Check for duplicate and DNS entries for NCN and UANs test failure

Overview

The cray-dns-unbound DNS service configuration forwards queries it cannot answer to the customer-defined DNS server. If this upstream DNS server is configured to drop queries it cannot answer then cray-dns-unbound sees this as a timeout. This can cause some of the CSM upgrade pre-flight checks to fail.

Symptoms

  • The Check for duplicate and DNS entries for NCN and UANs health validation test will fail.

    Title: Check for duplicate and DNS entries for NCN and UANs
    Meta:
        desc: Checks for duplicate IP addresses in the SMD EthernetInterface table and verifies that NCN/UAN management network DNS entries resolve to only 1 IP address. 
          To manually run the test, execute /opt/cray/tests/install/ncn/scripts/python/check_ncn_uan_ip_dns.py
        sev: 0
    ip_dns_check: exit-status: Error: Command execution timed out (30s)Total Duration: 30.009s 
    
  • (ncn-m#) When run, the /opt/cray/tests/install/ncn/scripts/python/check_ncn_uan_ip_dns.py script fails.

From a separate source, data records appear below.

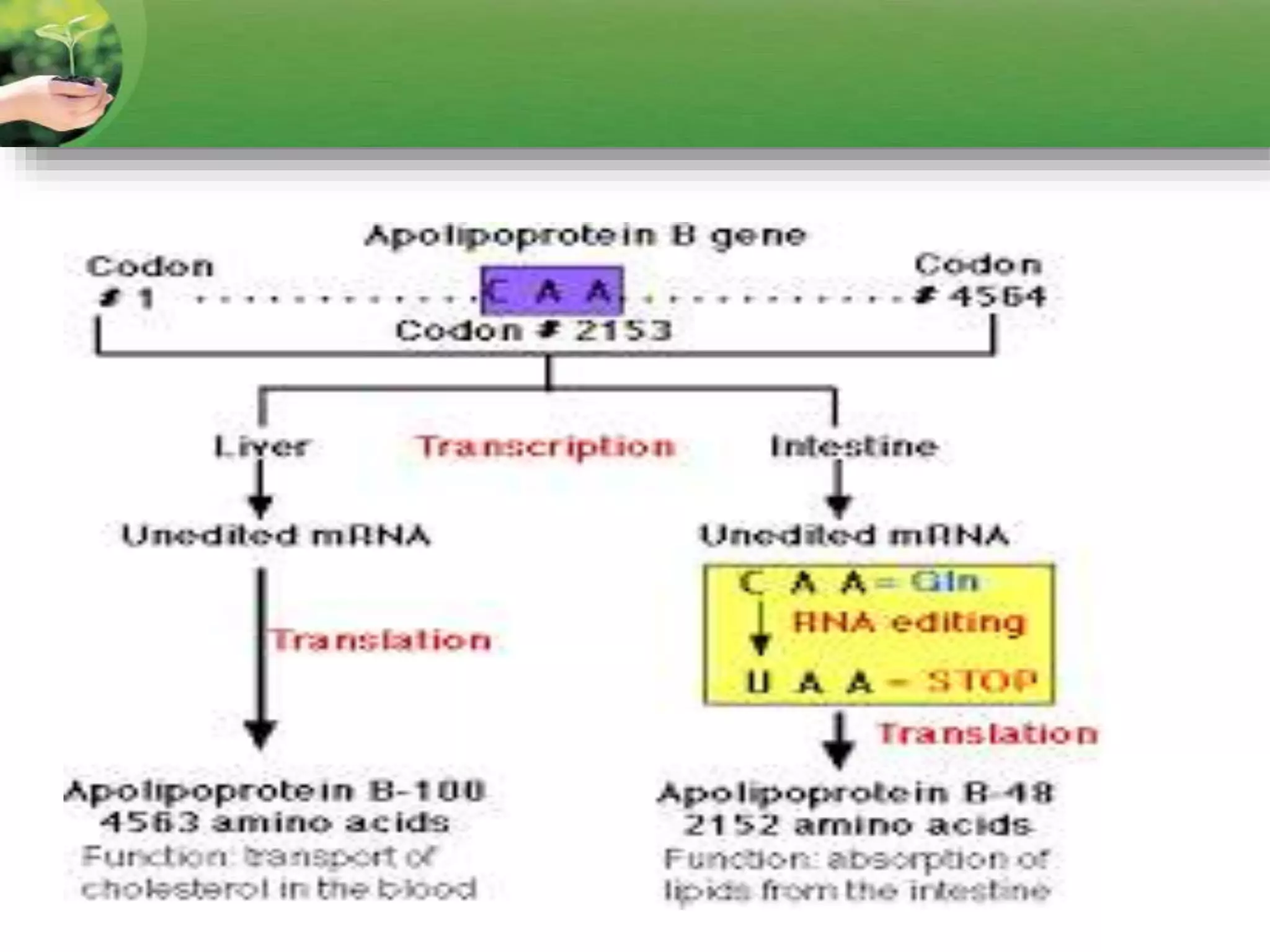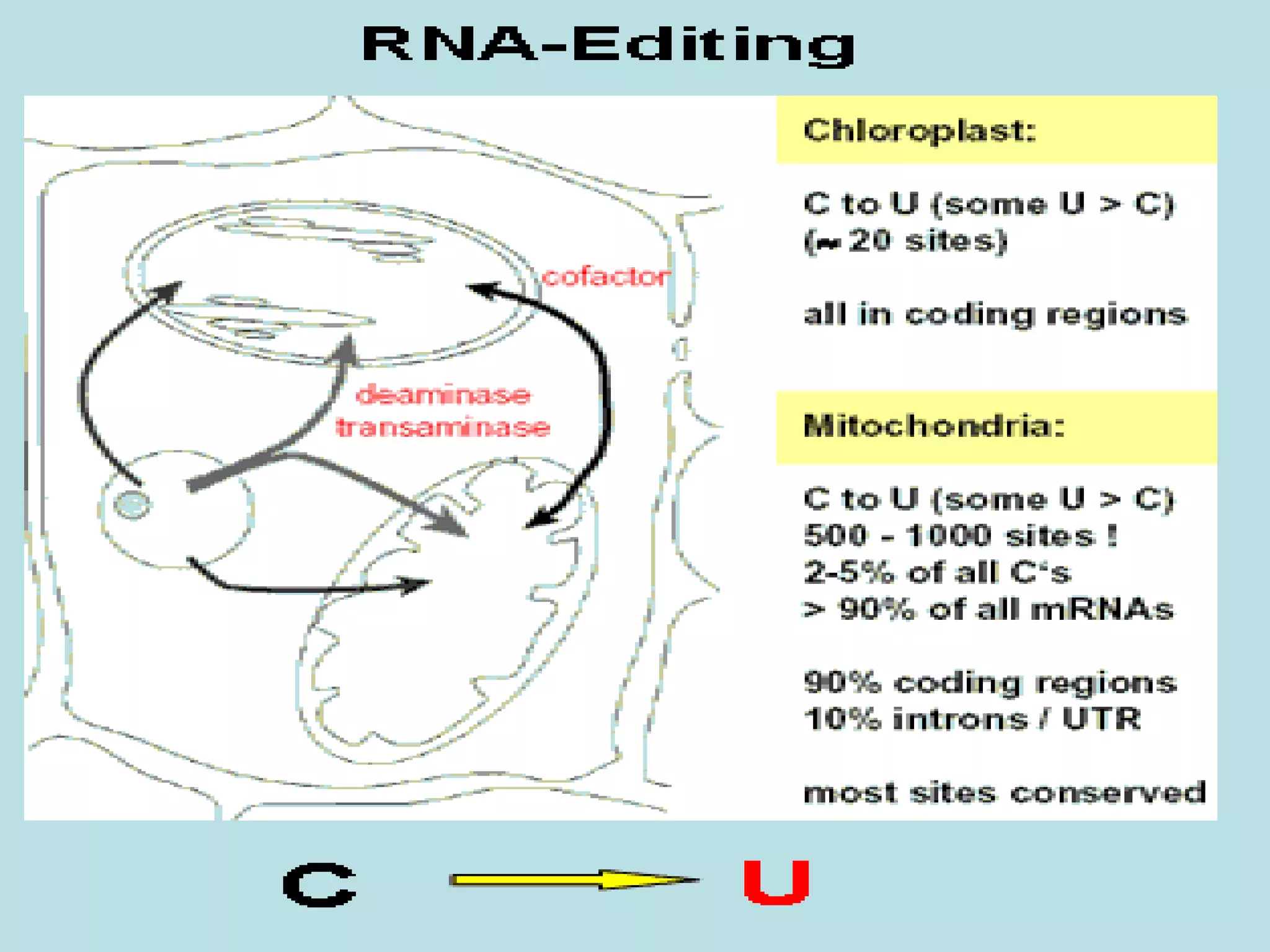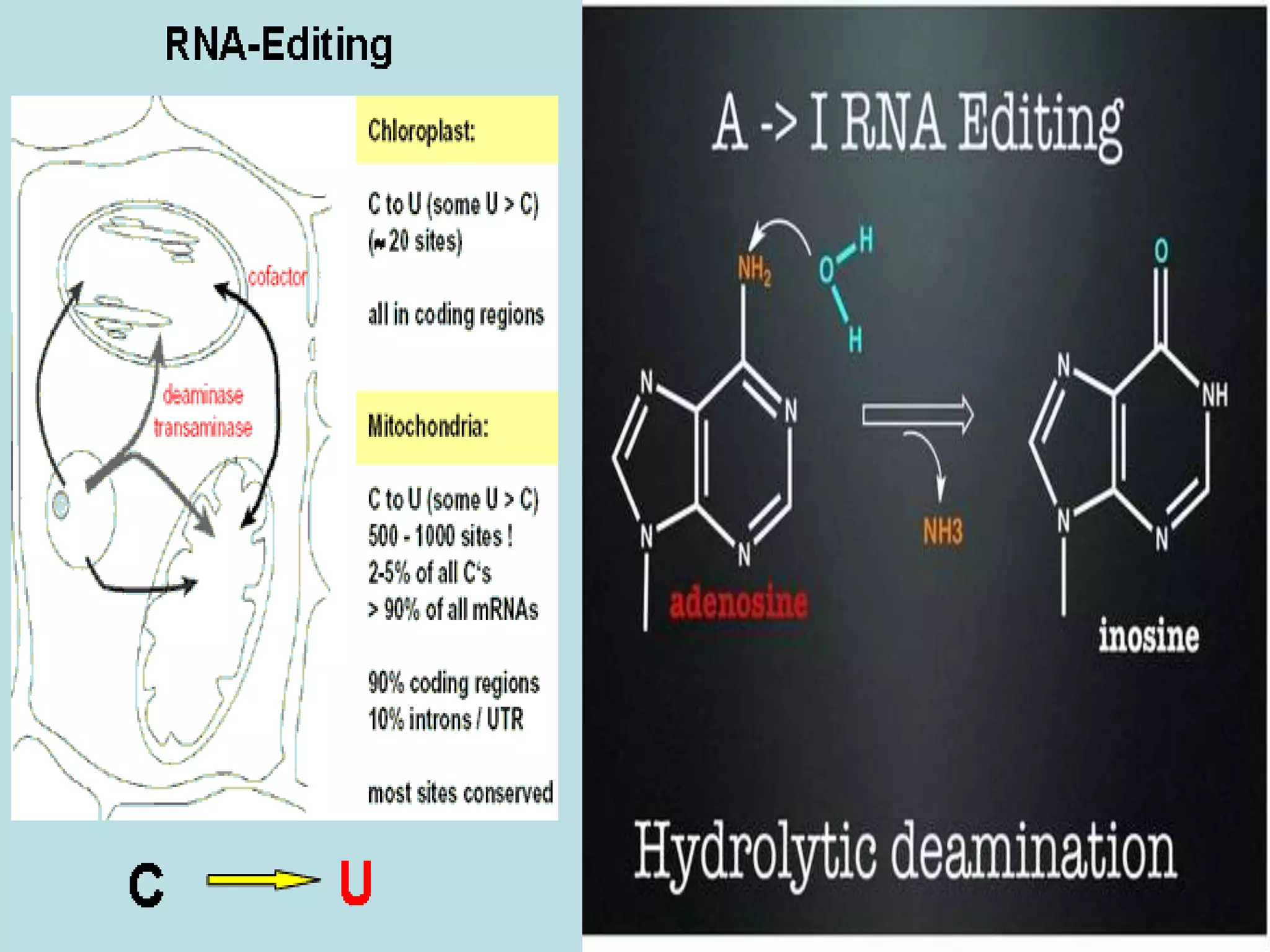 - Two major types of RNA editing are C to U editing, like in the human ApoB gene, and A to I editing which occurs in double-stranded RNA regions and is catalyzed by ADAR enzymes.
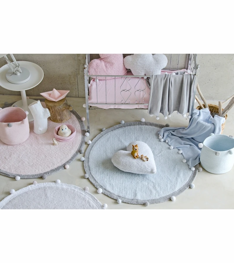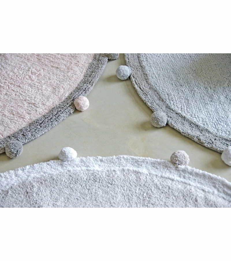 Bubbly rugs add a cheery, comfortable touch to any room. Choose from three mellow color combinations that look great in a nursery, sitting room, porch, or den.
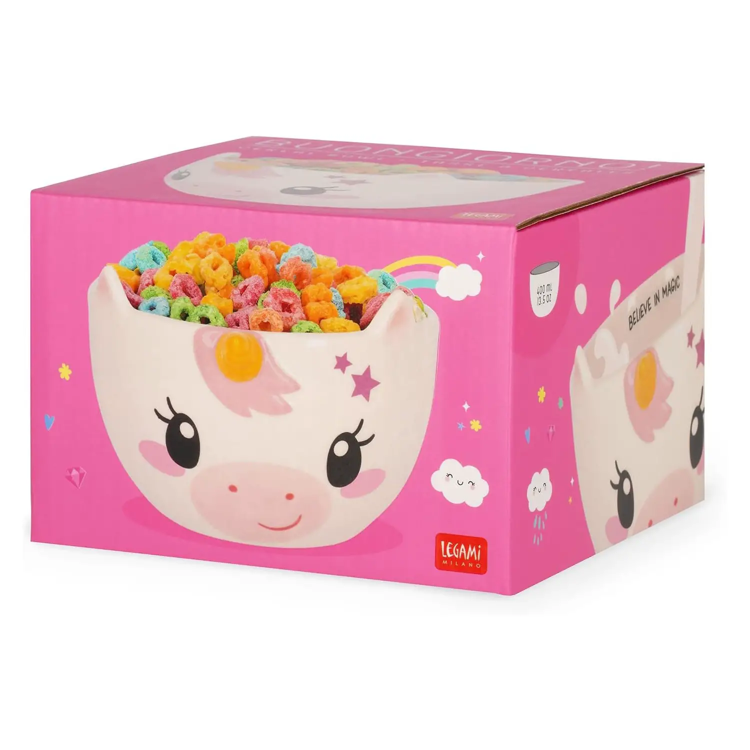 Colazione magica ogni giorno Inizia la giornata con un tocco di fantasia grazie alla Tazza in Gres per Cereali “Buongiorno!” Unicorn di Legami. Perfetta per latte, cereali, yogurt o zuppe, porta colore e allegria alla tua tavola del mattino.
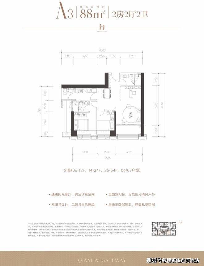 前海桂湾「前海时代三期·尊府」加推5-1地块的住宅「前海之门」,已开样板房,预计3月20日取证,月底开盘。楼栋号为61栋,标准层4梯8户,户型包括:
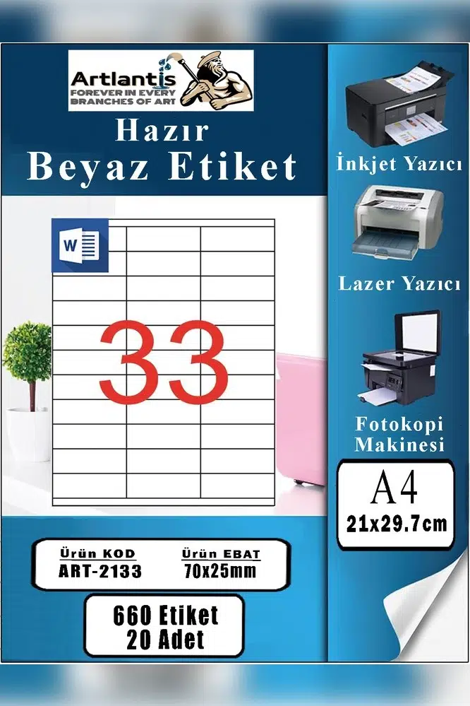 Ürün Adı: Artlantis A4 Hazır Etiket 70x25 mm 20 Sayfa 1 Paket 33 lü Kendinden Yapışkanlı Fotokopi Lazer İnkjet Kağıdı Yazıcılar İçin Uyumlu Mokel Kod : 2133
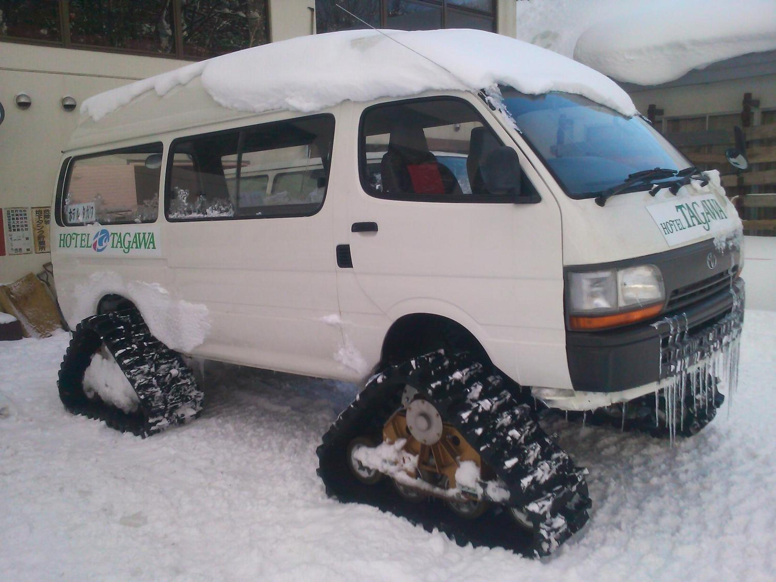 竜王スキーパークでスノボするために宿泊しました。急いで予約したのでちゃんと確認していなかったのですが、ホテルがゲレンデの中間地点にあるためスキー場駐車場から雪上車で送り迎えになります。なにしろゲレンデの途中にホテルがあるわけですからホテルを出て即滑り出せます。そこは最高です。
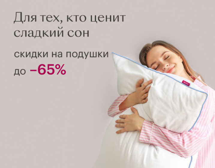 Только сейчас вы можете окунуться в мир сладких снов с нашими уникальными подушками со скидкой до 65%!
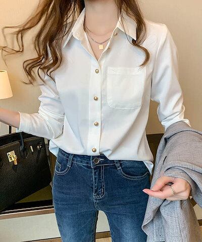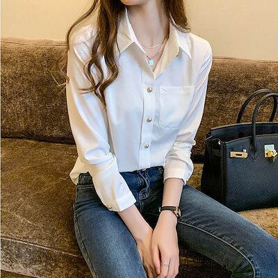シフォン シャツ ブラウス レディース 長袖 スーツ インナー 白シャツ トップス フォーマル 無地 ホワイト 白 オフィス ビジネス 立ち襟 開襟 春秋 春 秋 お洒落 通勤 ワイシャツ カジュアル | OPEN-korea
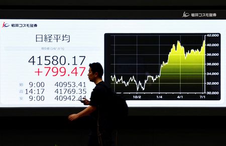 NEW YORK/LONDON (Reuters) -A global equities gauge rose to record levels on Wednesday while U.S. Treasury yields edged down with comments from Federal Reserve Chair Jerome Powell fuelling hopes for interest rate cuts as investors awaited key U.S.
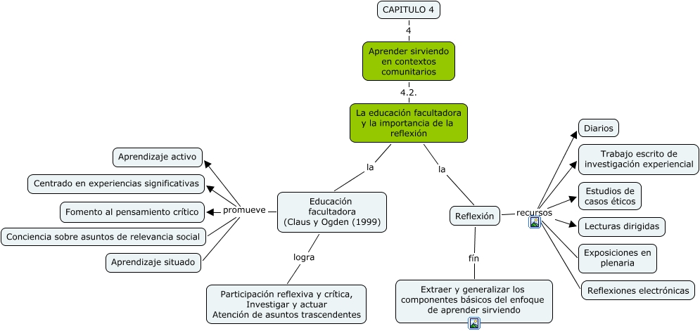 Este Cmap, tiene información relacionada con: 42, Educación facultadora (Claus y Ogden (1999) promueve Conciencia sobre asuntos de relevancia social, Educación facultadora (Claus y Ogden (1999) promueve Aprendizaje situado, Reflexión recursos Exposiciones en plenaria, Reflexión recursos Lecturas dirigidas, Educación facultadora (Claus y Ogden (1999) promueve Aprendizaje activo, La educación facultadora y la importancia de la reflexión la Educación facultadora (Claus y Ogden (1999), Reflexión fín Extraer y generalizar los componentes básicos del enfoque de aprender sirviendo, Educación facultadora (Claus y Ogden (1999) promueve Centrado en experiencias significativas, Aprender sirviendo en contextos comunitarios 4.2. La educación facultadora y la importancia de la reflexión, Reflexión recursos Diarios, Educación facultadora (Claus y Ogden (1999) promueve Fomento al pensamiento crítico, Reflexión recursos Estudios de casos éticos, La educación facultadora y la importancia de la reflexión la Reflexión, CAPITULO 4 4 Aprender sirviendo en contextos comunitarios, Reflexión recursos Reflexiones electrónicas, Reflexión recursos Trabajo escrito de investigación experiencial, Educación facultadora (Claus y Ogden (1999) logra Participación reflexiva y crítica, Investigar y actuar Atención de asuntos trascendentes
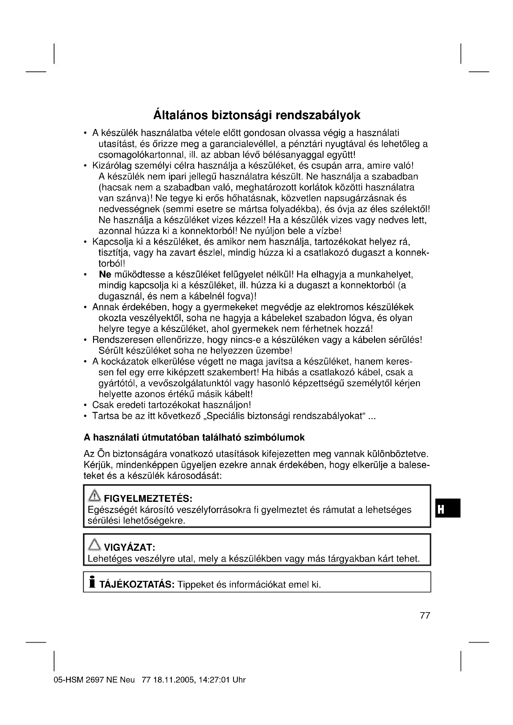 - Tartsa be az itt következő „Speciális biztonsági rendszabályokat“ ... A használati útmutatóban található szimbólumok Az Ön biztonságára vonatkozó utasítások kifejezetten meg vannak különböztetve. Kérjük, mindenképpen ügyeljen ezekre annak érdekében, hogy elkerülje a balese- teket és a készülék károsodását: FIGYELMEZTETÉS: Egészségét károsító veszélyforrásokra fi gyelmeztet és rámutat a lehetséges sérülési lehetőségekre. VIGYÁZAT: Lehetéges veszélyre utal, mely a készülékben vagy más tárgyakban kárt tehet. TÁJÉKOZTATÁS: Tippeket és információkat emel ki. 05-HSM 2697 NE Neu 77 18.11.2005, 14:27:01 UhrH
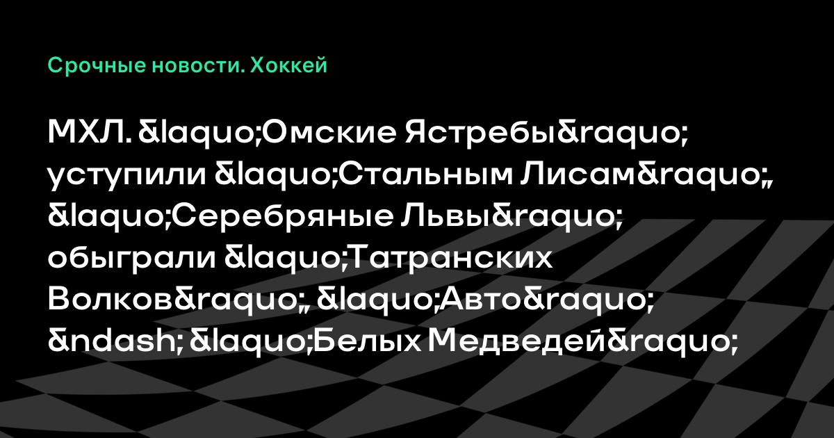 МХЛ. «Омские Ястребы» уступили «Стальным Лисам», «Серебряные Львы» обыграли «Татранских Волков», «Авто» – «Белых Медведей»
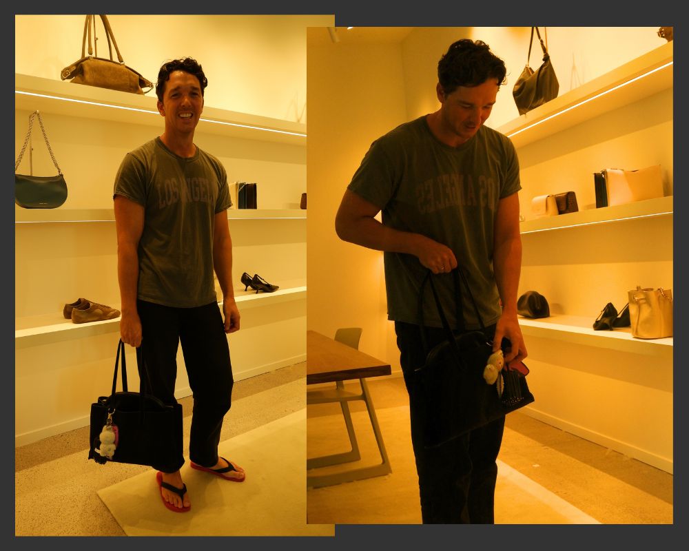 Then there are the charms – an edit of memories clipped to the handle. A prototype leather charm that looks, admittedly, a little BDSM-adjacent. A Labubu picked up while shopping for his niece and nephew. A glittering Miami-stamped charm bought during a holiday phase of “embracing the Miami bling vibe.” And a sample from a collaboration that never eventuated, but survived because he liked it too much to let it disappear.

    2023-07-21 13:39:13,536 - __main__ - ERROR - ERROR: ncn-m003.chn has more than 1 DNS entry
    ;; connection timed out; no servers could be reached
    
    2023-07-21 13:39:49,661 - __main__ - ERROR - ERROR: ncn-w001.chn has more than 1 DNS entry
    ;; connection timed out; no servers could be reached
    
    2023-07-21 13:40:25,819 - __main__ - ERROR - ERROR: ncn-w002.chn has more than 1 DNS entry
    ;; connection timed out; no servers could be reached
    
    2023-07-21 13:41:01,959 - __main__ - ERROR - ERROR: ncn-w003.chn has more than 1 DNS entry
    ;; connection timed out; no servers could be reached
    
    2023-07-21 13:41:38,103 - __main__ - ERROR - ERROR: ncn-s001.chn has more than 1 DNS entry
    ;; connection timed out; no servers could be reached
    
    2023-07-21 13:42:14,231 - __main__ - ERROR - ERROR: uan001.cmn has more than 1 DNS entry
    ;; connection timed out; no servers could be reached
    
    2023-07-21 13:42:50,253 - __main__ - ERROR - ERROR: uan001.chn has more than 1 DNS entry
    ;; connection timed out; no servers could be reached
    
    2023-07-21 13:43:26,395 - __main__ - ERROR - ERROR: ncn-s002.chn has more than 1 DNS entry
    ;; connection timed out; no servers could be reached
    
    2023-07-21 13:44:02,521 - __main__ - ERROR - ERROR: ncn-s003.chn has more than 1 DNS entry
    ;; connection timed out; no servers could be reached
    
    2023-07-21 13:44:38,665 - __main__ - ERROR - ERROR: ncn-m001.chn has more than 1 DNS entry
    ;; connection timed out; no servers could be reached
    
    2023-07-21 13:45:14,797 - __main__ - ERROR - ERROR: ncn-m002.chn has more than 1 DNS entry
    ;; connection timed out; no servers could be reached
    
    2023-07-21 13:45:32,819 - __main__ - ERROR - ERRORS: see above output.
    

Workaround

Update the cray-dns-unbound configuration so that all CSM internal network suffixes are no longer forwarded to the upstream DNS server.

  1. (ncn-m#) Edit the cray-dns-unbound ConfigMap.

    kubectl edit -n services cm cray-dns-unbound
    

    Add the following lines after the local-zone: "mtl." static line.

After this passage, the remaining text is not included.